User-based chunking

From Apertium
Revision as of 21:03, 21 June 2020 by Francis Tyers (talk | contribs)
Jump to navigation Jump to search

Sometimes in translations it would be useful to be able to mark particular segments/chunks not for translation, but to give them an analysis for the purposes of translation.

Some use-cases:

  • Product names, long named entities
    • Microsoft 365 for business is the right choice for your company
    • A very popular film adaptation is "Gone with the Wind".
  • The use of quoted chunks as modifiers
  • Quotations in a second (or third) language
    • And then he came back and said "Bu ne lan?"


User-based, online

1. A user could mark in an interface that they don't want a particular span translating, each word would be prefixed then with a symbol. Sequences of these words would be merged by -separable or something like it. And the whole chunk would be either given a default tag, a tag determined by a classifier or a tag determined by rules.

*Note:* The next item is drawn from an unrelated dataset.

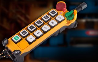 Diseño ergonómico y robusto 10 pulsadores doble efecto parada de emergencia interruptor ON/OFF rotativo c/llave Aplicaciones: todo tipo de sistemas de grúas, carros transportadores, grúas de torre, montacargas de obras civiles operados desde diferentes alturas, plataformas y grúas montadas en camiones, etc.

Microsoft 365 for business is right choice for your company

+Microsoft +365 +for +business is right choice for your company

^+Microsoft/Microsoft<np><al>$ ^+365/365<num>$ ^+for/for<pr>$ ^+business/business$ ^is/be<vbser><pres><p3><sg>$ the right choice for your company

^+Microsoft 365 for business/Microsoft 365 for business<np><al>$ ^is/be<vbser><pres><p3><sg>$ the right choice for your company.


For dealing with quoted text we might be better to have an automatic system that does language identification combined with rules. The same technique could be used, words that receive an analysis would get the surface form prefixed with + after running through the module.

Engine-based, offline
  • Discovering these kind of things should be possible using only monolingual corpora, or resources such as Wikipedia.